Even so, the legal setback for Mr. Trump may boost Mr. Xi’s confidence that he has gained more of the initiative in his country’s rivalry with the United States, said Chinese and American analysts.

“I think this will put China in a more advantageous position in the forthcoming trade talks with the U.S., and China can also push the U.S. on other fronts,” Prof. Wu Xinbo, the director of the Center for American Studies at Fudan University in Shanghai.

Mr. Trump will go to China focused on securing business and investment agreements, his previous statements suggest. The Trump administration has also pressed Mr. Xi to stop restricting sales of rare earths as a lever against other countries, a step that Beijing used last year to retaliate against U.S. export controls and tariffs.

“China had already turned the tables on the U.S. with its effective use last year of rare earth restrictions to force the U.S. to have reduced tariffs and limit its export controls,” said Scott Kennedy, a researcher on the Chinese economy at the Center for Strategic and International Studies in Washington.

Mr. Xi’s main hope from the summit may be less specific: an extended period of stability in dealings with the United States. Much of China’s economy is in poor shape, despite a record trade surplus. Mr. Xi has also overseen purges and investigations in the Chinese military. Late last year, these brought down Zhang Youxia, the most senior general of the People’s Liberation Army, or P.L.A., who was accused of corruption and disloyalty.

“At a broad level, I think Xi wants time and stability in relations,” said Evan S. Medeiros, a professor at Georgetown University who worked as director for China in the National Security Council under President Obama.

Mr. Xi “needs time to make the economy more resilient and put it in a long term pathway to growth,” said Professor Medeiros. “He needs time to sort out the P.L.A. And he thinks time with Trump in office will help him diplomatically.”
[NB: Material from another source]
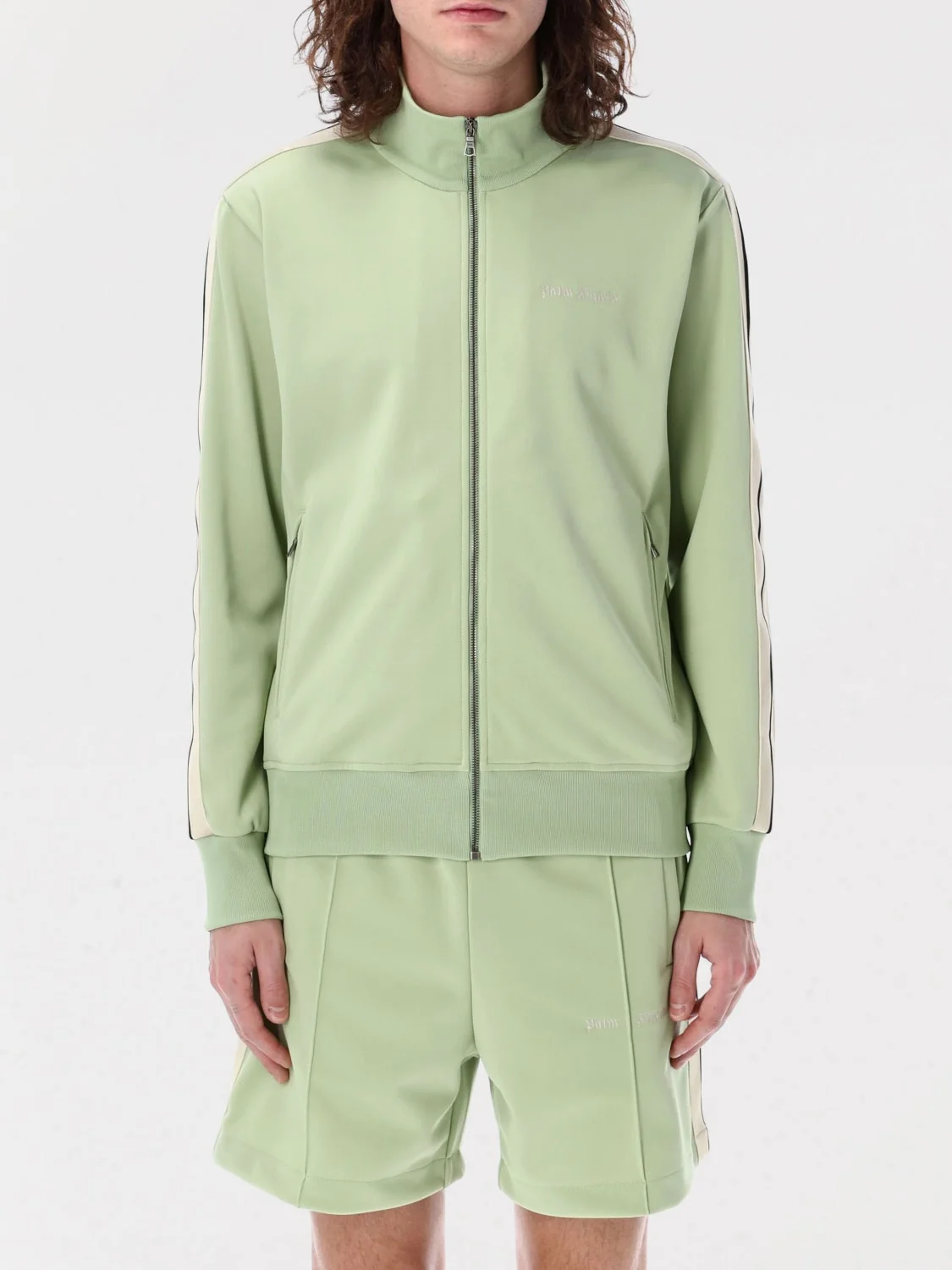 DESCRIPTION - Style: Sporty - Logo: Contrasting - Details: With bands - Shoulders: Regular - Sleeves: Long - Cuffs: Stretch - Closure: With zip - Bottom: With straight hemline - Materials: Polyester - Pattern: Logo DETAILS AND CARE Composition 100% polyester SIZE AND FIT Sizes not available Size and fit Regular fit Designer code: PMBD058S25FAB001 5303 Giglio Code: G79537 Designer: Palm Angels Collection: Palm Angels Men Category: Clothing Palm Angels
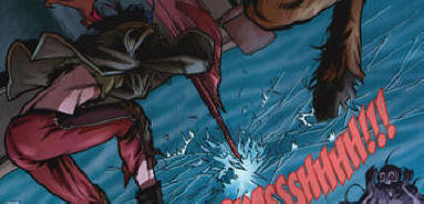 ground. Suddenly, the creature roars in pain and Mel comes through its

Mr. Xi will also probably seek concessions from Mr. Trump on restrictions of Chinese purchases of technology, as well as on Chinese investments into the United States, said Professor Wu, the researcher in Shanghai.

Mr. Xi’s greatest goal may be to persuade Mr. Trump to dilute U.S. support — rhetorical, diplomatic and military — for Taiwan, the island-democracy that has for decades rejected Beijing’s claims of sovereignty.

China’s leaders hope that, for a start, Mr. Trump will state that the United States opposes Taiwan seeking independence, said Prof. Xin Qiang, the director of the Center for Taiwan Studies at Fudan University. If Mr. Trump makes such a statement, that could suggest that he sees Taiwan as troublesome. Taiwan’s president, Lai Ching-te, has said the island is already in reality independent, while implicitly ruling out declaring formal independence.

Chinese officials probably see little chance of Mr. Trump making a dramatic shift in U.S. policy on Taiwan, but hope to work on him over the coming year, when the two leaders will have two or three more opportunities to meet, said Professor Xin.

If, on the other hand, Mr. Trump approves a new package of arms sales to Taiwan, following U.S. approval of $11 billion in weapons sales in December, that could send relations into another downward spin and even derail the summit, Professor Xin said.

“The arbitrariness and uncertainty of President Trump’s decision-making make it very hard to predict,” Professor Xin said of what may happen over talks about Taiwan. “But I have always believed that he will not make concessions on major strategic areas.”

Mr. Xi could also retaliate if Mr. Trump moves to replace the tariffs outlawed by the Supreme Court with similar tariffs under new legal justifications.

China’s exports to the United States have come under a range of tariffs, and the United States mostly treats these separate duties as stackable, so they can add up on top of each other. The Supreme Court’s decision stripped back some layers of this stack, including a 10 percent general tariff as well as a 10 percent tariff that Mr. Trump put on China for failing to prevent fentanyl and its precursor chemicals from flowing to the United States.

If Mr. Trump revives the outlawed tariffs under new legal justifications, China could cut orders of farm produce from the United States, said Professor Wu, the scholar in Shanghai.

Meaghan Tobin and Keith Bradsher contributed reporting.